Переходы между дискурсивными жанрами могут существовать лишь ценой подавления распри, благодаря войне или коммерции, то есть экспансии капитала. Переход не может быть совершён благодаря общему закону, поскольку такого закона не существует. Любая попытка найти соизмеримость дискурсивных жанров, объективировать свою истину в языке другого обречена на провал. Поскольку «Распря» трактует проблему в терминах «фраз», событие мыслится здесь как то, что не может быть обрамлено во фразы языка «другого». Так, произошедшее в Аушвице не поддается разумному обоснованию и не может быть представлено в виде фраз. Любое свидетельство о том, что происходило в Аушвице оказывается невозможным: мертвые не могут говорить, выжившие говорят редко. Даже если они говорят, они рискуют испытать на себе неправоту, став жертвами негационизма. Лиотаровский свидетель обречен на молчание. Мысль Лиотара этого периода разворачивается в этической парадигме. Философ, на стороне которого находятся симпатии Лиотара, - Левинас с его этикой «себя самого как другого», этикой беспрекословного подчинения голосу другого. Сознавая опасности, которые может повлечь любая радикальная и неэтическая мысль, Лиотар хочет дать распрям место (faire respecter les differends). Его мысль постоянно сопровождается вопрошанием о собственных следствиях, неким «избытком» рефлексии, антиуниверсализирующим «неврозом», который делает её сверхчувствительной к любым типам неправоты, в том числе и к тем, которые не попадают под юридические понятия морального ущерба, дискриминации и т.д. Философию «Распри» можно считать также разновидностью софистики со всеми её атрибутами -логическими парадоксами, признанием относительности вещей - с тем лишь отличием, что она является этической.

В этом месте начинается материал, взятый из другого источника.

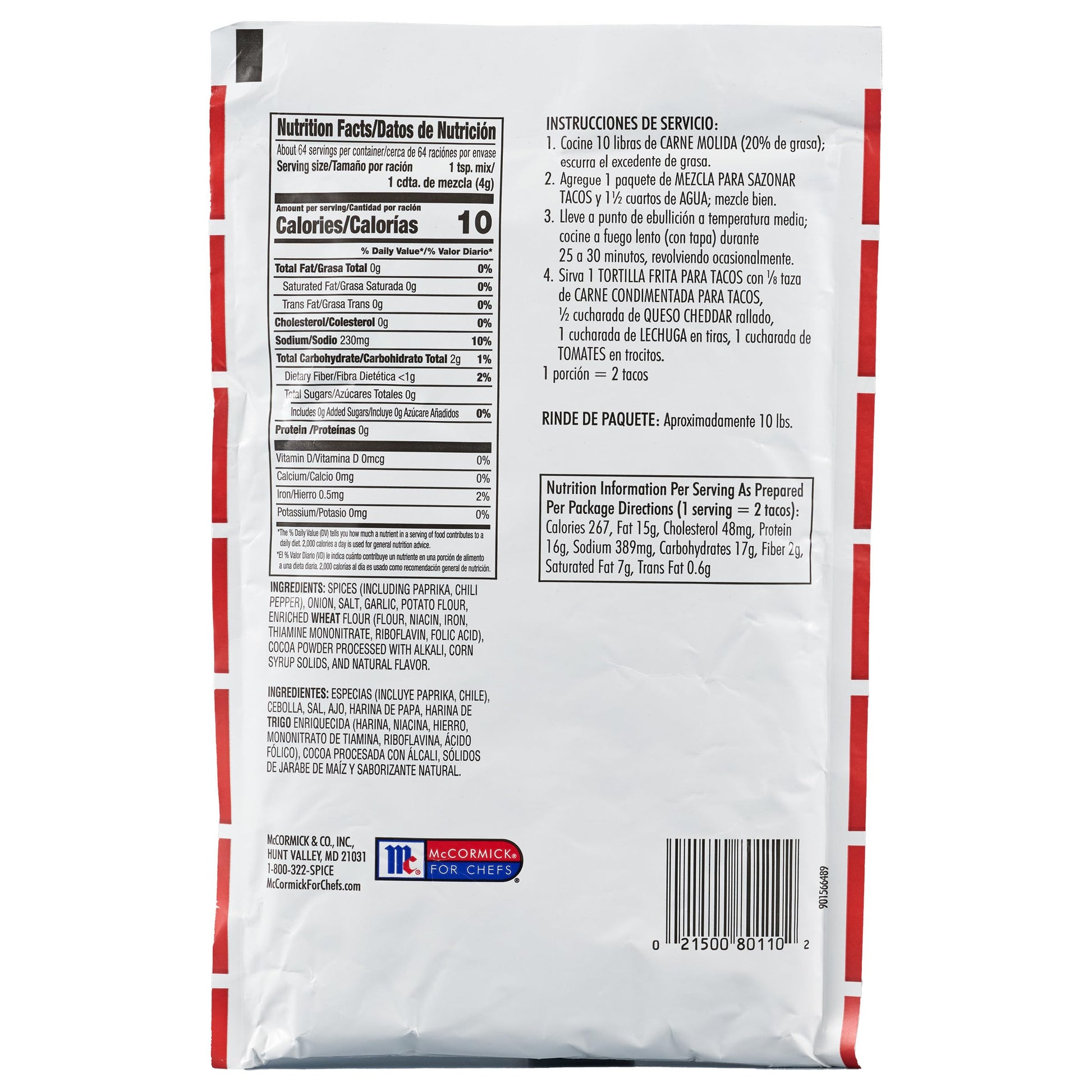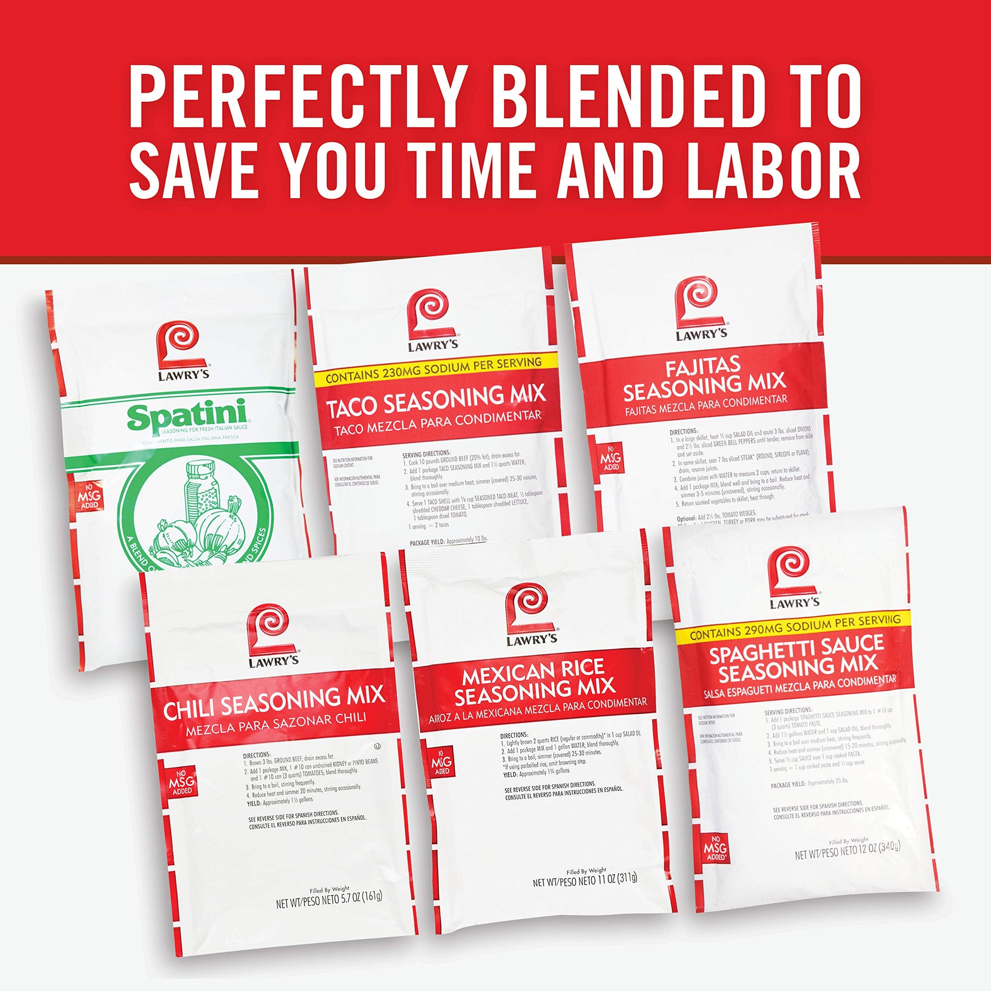 Give your customers the medium heat they crave with Lawrys Taco Seasoning Mix. With this pre-mixed packet, delivering consistent, bold flavor is possible every time. While its traditionally used for tacos, this versatile blend can also liven up other chicken, pork and vegetable recipes, giving you endless options for shaking up taco night or creating extraordinary menus. These taco seasoning packets contain only carefully selected, top-quality ingredients. A combination of herbs and spices achieves this iconic flavor with some chile pepper and paprika for additional heat. This blends full-bodied warmth comes from spices like cumin, oregano, onion and garlic. Lawrys Taco Seasoning Mix is made specifically with culinary professionals in mind. Each packet contains 9 ounces of pre-mixed seasoning, saving you time and effort compared to measuring and mixing individual spices. These packets contain enough seasoning to add some fun and flavor to up to 10 pounds of meat. Whats more, prep instructions are printed in both English and Spanish, so you can expect ultimate consistency and enhanced efficiencies. Since the packets are already pre-measured, all you have to do is stir the seasoning right into your fajita or taco filling for a classic, craving-inducing taste. Youll be serving dishes full of on-trend flavor and visual appeal in minutes. This easy-to-use blend also works well in burger and meatloaf recipes. Want to add restaurant-proven boldness to your condiments? Mix a little into dips or sauces and create your own unique recipe. The combination of spices and herbs pairs well with everything from casseroles to vegetables. While these bulk taco seasoning packets bring some flavor and fire to your kitchen, they also make it easy for you to craft dishes your customers can feel good about indulging in. The blend is kosher and made without artificial flavors, colors or added MSG.

Организованная Лиотаром в 1984 г. выставка «Имматериальные тела» (Les immateriaux) имеет целью продолжить осмысление феномена коммуникации, хотя само понятие «коммуникации» ставится под вопрос всей философией Лиотара. Эта выставка в Центре Помпиду в Париже стала первой в числе организованных философами (Диди-Юберман, Дамиш). Приглашённый в качестве куратора выставки, Лиотар должен был представить её основную идею, а именно влияние новых технологий на чувственное. Коммуникационная схема Якобсона, которая присутствует и в остальных работах Лиотара, есть и здесь [7]. Однако все классические наименования её элементов: отправитель
(destinateur), получатель (destinataire), референт (referent), носитель (support) и код (code) - получают названия, производные от корня -mat- : maternite, materiel, matiere, materiau, matrice. Несмотря на название выставки, это полностью материальная схема. В «Имматериальных телах» Лиотар преодолевает феноменологическое наследие своей философии. Если прежде Лиотар мыслил материальность произведения (и, как наибольшую степень её выражения, абсолютную плоскостность картины) как то, что сопротивляется кодированию, то теперь он полагает, что всё потенциально кодируемо, что чувственного в чистом виде не существует. Поэтому «Имматериальные тела» и «Либидиналь-ная экономика» являются двумя крайними полюсами мысли Лиотара. Эта книга продолжает тенденцию к ограничению роли носителя, которая есть в «Распре»: носитель здесь претерпевает процесс дематериализации, исчезновения. Основной вопрос Лиотара состоит в том, что происходит с формой, если, с появлением новых технологий, возникают материалы, чьё сопротивление стремится к нулю. В этих условиях форма и материя больше не состоят в отношении инаковости. Речь идёт о постановке под вопрос аристотелевского гилеморфизма. Гипотеза Лиотара такова: если у Канта судьба человечества определялась отношением к чувственному, то с утратой материи, чувственного предопределение отсутствует.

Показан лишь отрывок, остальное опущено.